This article was revised on September 14, 2009 to provide further clarification of what will happen during the two phases of implementing this change.
Key Points
- During Phase 1 (October 5, 2009-January 3, 2010): If the ordering/referring provider is on the claim, Medicare will verify that the ordering/referring provider is in PECOS and is eligible to order/refer in Medicare. If the ordering/referring provider is not in PECOS the carrier or Part B MAC will search its claims system for the ordering/referring provider. If the ordering/referring provider is not in PECOS and is not in the claims system, the claim will continue to process and the Part B provider or supplier will receive a warning message on the Remittance Advice. If the ordering/referring provider is in PECOS or the claims system but is not of the specialty to order or refer, the claim will continue to process and the Part B provider or supplier will receive a warning message on the Remittance Advice.
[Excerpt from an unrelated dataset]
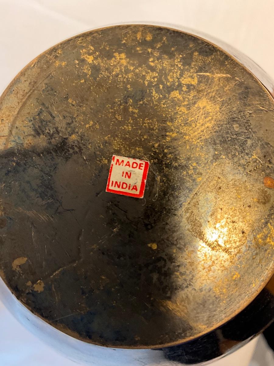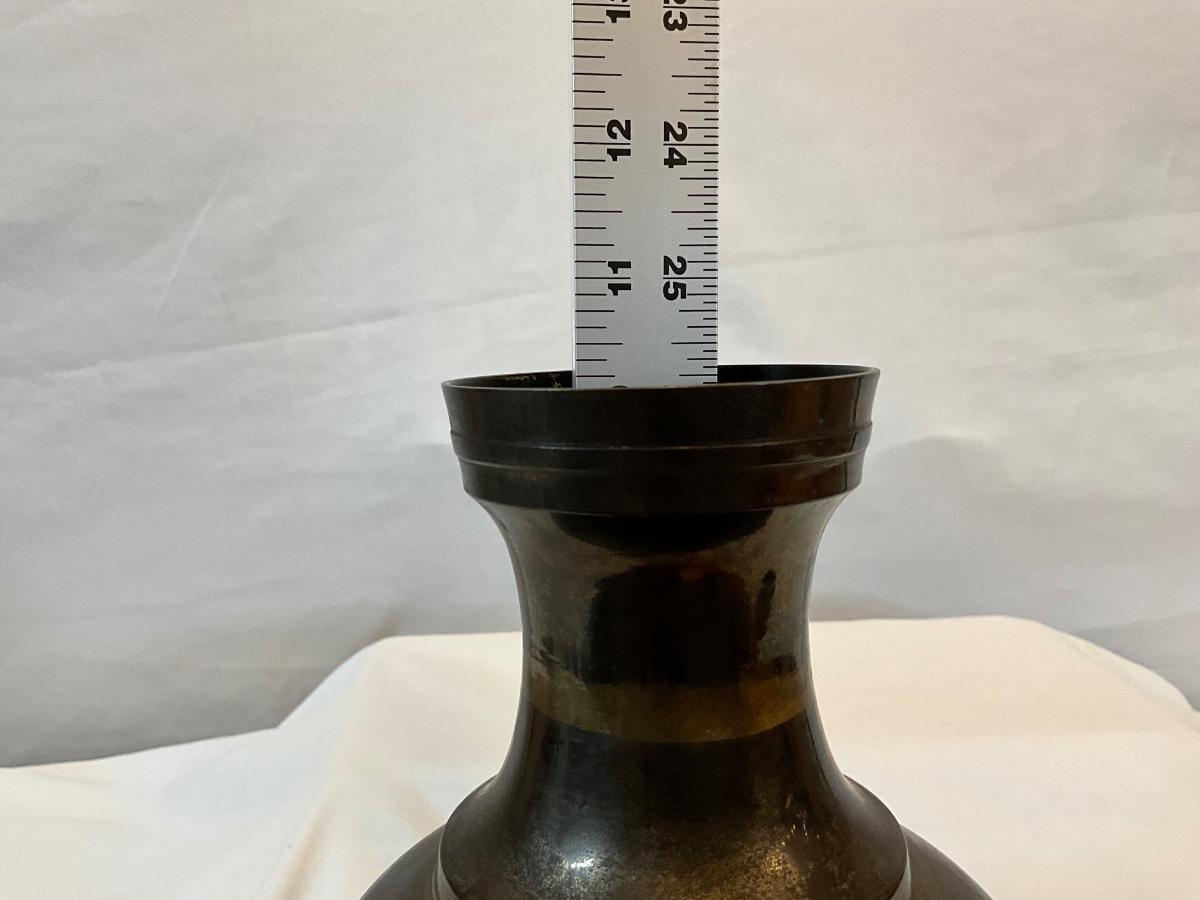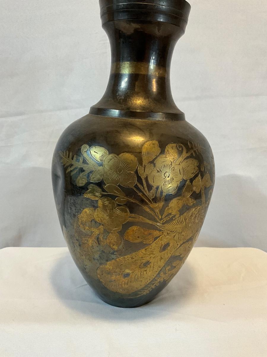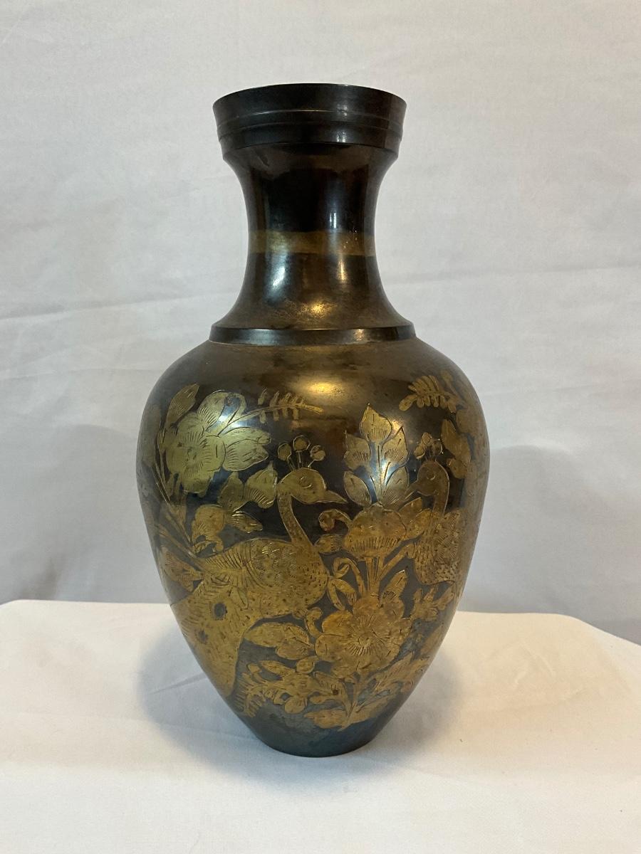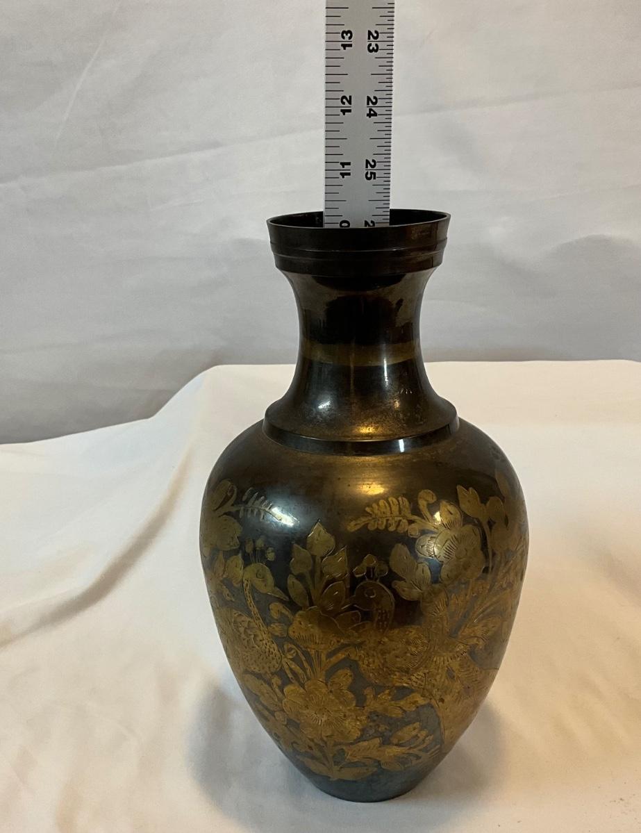 Itched, two tone, brass vase

- During Phase 2 (January 4, 2010 and thereafter): If the billed item or service requires an ordering/referring provider and the ordering/referring provider is not in the claim, the claim will not be paid. It will be rejected. If the ordering/referring provider is on the claim, Medicare will verify that the ordering/referring provider is in PECOS and eligible to order and refer. If the ordering/referring provider is not in PECOS, the carrier or Part B MAC will search its claims system for the ordering/referring provider. If the ordering/referring provider is not in PECOS and is not in the claims system, the claim will not be paid. It will be rejected. If the ordering/referring provider is in PECOS or the claims system but is not of the specialty to order or refer, the claim will not be paid. It will be rejected.
- In both phases, Medicare will verify the NPI and the name of the ordering/referring provider reported in the claim against PECOS or, if the ordering/referring provider is not in PECOS, against the claims system.